The point of intersection, $\color{darkgreen}g$, of the darkgreen circle with the gray circle centered at $\color{maroon}d$ is the final vertex of the square.
Justification of step 5:
From step 1., $\color{maroon}{aboc}$ is a rhombus with common side length $ l(\color{maroon}{co})$. Since the point $\color{pink}e$ is equidistant to the points $\color{maroon}c$ and $\color{maroon}d$ , the segment $\color{pink}e\color{maroon}o$ is perpendicular to the segment $\color{maroon}{cd}$. Since $\color{pink}f$ is equidistant to the points $\color{maroon}c$ and $\color{maroon}d$, the points $\color{pink}e$, $\color{pink}f$, and $\color{maroon}o$ are colinear and the segment $of$ is perpendicular to the segment $\color{maroon}od$.

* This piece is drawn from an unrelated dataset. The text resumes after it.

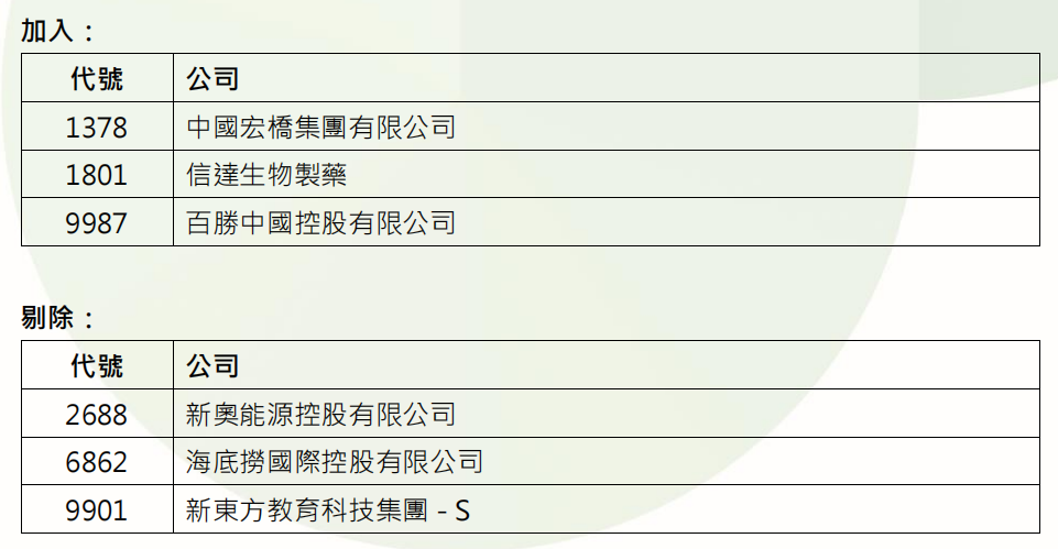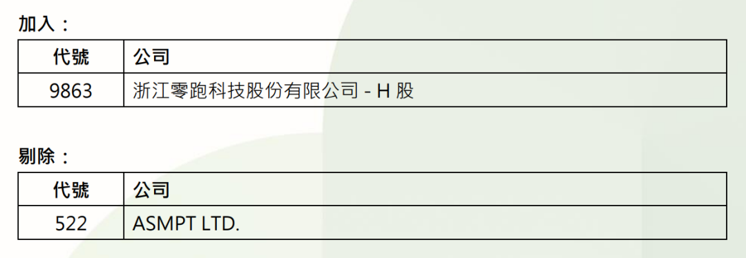 此次调整中,恒生指数成份股数目由88只增加至89只,信达生物制药获纳入恒生指数。恒生科技指数成份股则加入零跑汽车,剔除ASMPT,成份股数量维持30只不变。

We need to show that $l(fo)=l(co)$. Proceeding with some abuse of notation:
Considering the rhombus $aboc$, we have $ cb^2+ao^2=2(ac^2+co^2 ); $ or, since $ao=co=ac$, $ cb^2=3co^2. $ Since $cb=ce$, we have $\tag{1} ce^2=3co^2 $
Considering now the right triangle $ceo$: $\tag{2} ce^2=eo^2+co^2. $ Combining equations $(1)$ and $(2)$: $\tag{3} eo^2=2co^2. $
Considering now the right triangle $cfo$: $\tag{4} cf^2=fo^2+co^2 $ since $cf=oe$: $\tag{5} oe^2=fo^2+co^2 $ From $(3)$ and $(5)$ now, we finally obtain $ fo=co, $ as desired.